I
Рождённые как тень от тени,
мы в одиночестве бредём,
как жертвы, о предназначенье,
увы, не ведаем своём.
Мы нищие без подаянья
и тьма, окутанная тьмой,
слепцы, мы вслушались в молчанье,
где потеряли шёпот свой.
Мы — странники на бездорожье,
и облака ветров чужих,
цветы, что ждут в смертельной дрожи,
когда под корень срежут их.
II
Последней муки ощущая вздроги,
сдаюсь вам, зложелательские силы.
О, вы — к великой тишине дороги,
где мы идём в полночный мрак остылый.
Терпенье, да сожжёт твоё дыханье
меня!
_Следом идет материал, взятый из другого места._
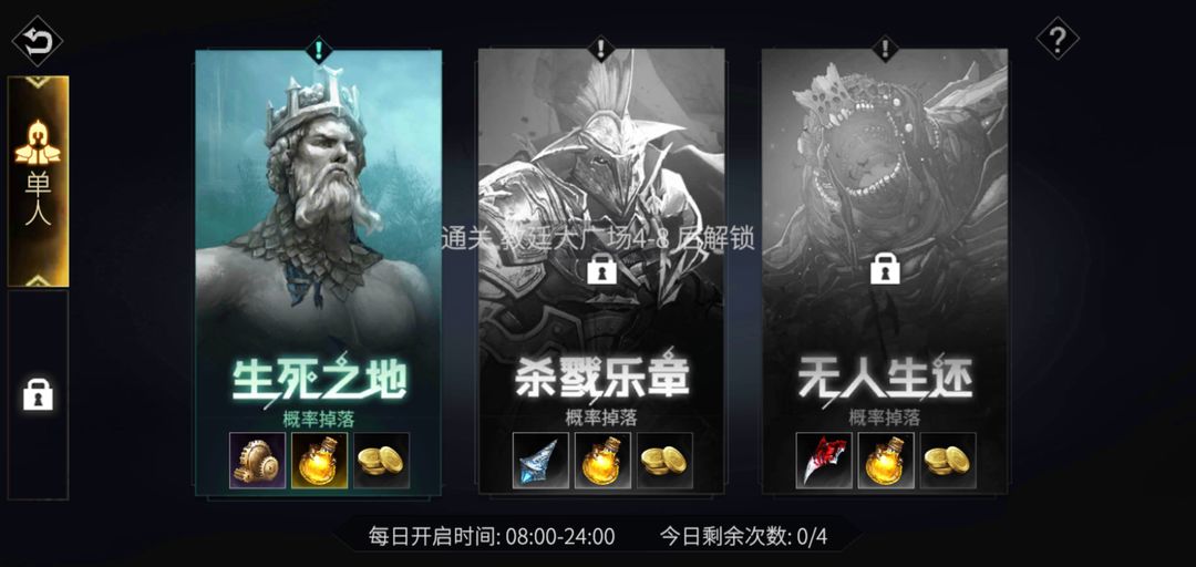 3-6牛头人,从天而降的一击,走位躲。打过后会解锁活动神之挑战单人(巨像3-6,曼尼4-5,恐惧5-5;速通挑战4-8)
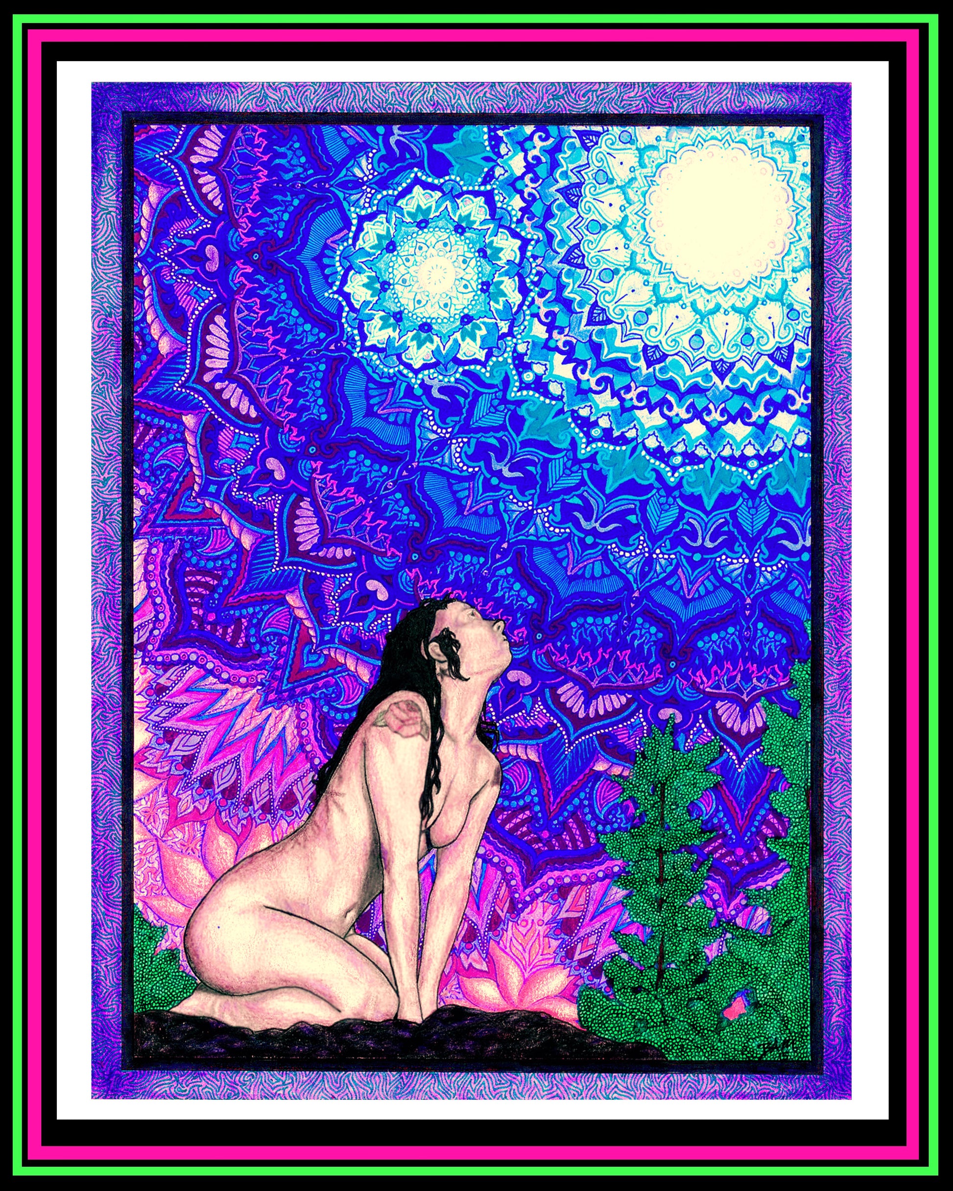 The neon frame is for website presentation only. Your print ends at the outer edge of the white border.

Звезда погасла, и в снояви
уходим в мир без лика и названья
и возразить ему уже не вправе.
III
Тьма сердца — ты, ты — тьма ночей,
кто в ваши глуби вникнет, чтобы
увидеть пасть последней злобы?
О, маска болей и скорбей,
скорбей и радостей земных,
о, маски смеха лик зловещий,
где бьются глиняные вещи
и где не видно нас самих.
Врагу безвестному смешно,
как мы скользим, цепляясь, к бездне,
и как угрюмы наши песни
и то, что плачет в нас, — темно.
IV
Твой хмель ничем не превозмочь,
кровоточа, я в танце таю,
цветами муки оплетаю!
Ты так сама хотела, ночь!
Я — арфа в лоне у тебя,
и из моей последней муки
взяла ты тёмной песни звуки —
и вечен, и невидим я.
V
Всё глубже тишь — глубь немоты!
О, безгласие ночное,
сладость материнской боли — ты,
обречённый час покоя.
Раны скрой мои с любовью
под ладонью доброты —
пусть внутри исходят кровью.
Сладость материнской боли — ты!
VI
Воспеть тебя молчаньем дай!
Что лепет бедняка, когда
он видит краткой жизни край?
О, безымянной будь всегда,
во мне замкнувшая свой круг,
как колокол, который стих,
как сладкая невеста мук,
как мак пьянящий снов моих.
VII
Как цветок, косцом сражён,
тихий плач ручья лесного,
певчий колокольный звон,
ночь, мольбы последней слово,
свой — уже предсмертный — стон
слышу с берега другого.
VIII
Меня в молчанье мрак погрузил,
и стал я мёртвой тенью дня —
из дома радости и сил
я в ночь вступил.
Живет молчанье в душе моей,
невнятна ей пустынность дня —
язвит усмешкою своей
ночь всё больней!
IX
О, ночь, врата для мук моих открой,
я — кровью изошедший истукан,
сосуд из болей незаживших ран!
О, ночь, смотри: я твой!
О, ночь, ты сад, где утаён от глаз
блеск бедности моей и где поблёк
мой виноград, терновый мой венок.
Приди, о высший час!
Х
Смеялся раньше демон мой:
как свет над звёздными садами,
играл и танцевал с друзьями
я, от вина любви хмельной.
И плакал демон мой потом:
как свет над чахлыми садами,
с терпеньем влёкся я с друзьями,
чьим блеском светел бледный дом.
Где смех, где плач твой, демон мой!
Тень над забытыми садами,
скорблю над мёртвыми друзьями
в молчанье полночи пустой.
XI
В моей улыбке мольба и страх,
поётся сквозь слезы песня впотьмах,
и до конца дойти нет сил.
О, дай вступить мне в твой собор,
дабы наивец и грезёр
перед тобой в мольбе застыл.
XII
Ты в этой полночи глухой —
безжизненный берег молчащих морей,
безжизненный — до скончания дней!
Ты в этой полночи глухой.
Ты в этой полночи глухой,
о, свод, где нёс ты звёздный свет,
о, свод, где Бога больше нет.
Ты в этой полночи глухой.
Ты в бездне полночи глухой —
и в сладком лоне не зачат,
и от живых начал отъят!
Ты в этой полночи глухой.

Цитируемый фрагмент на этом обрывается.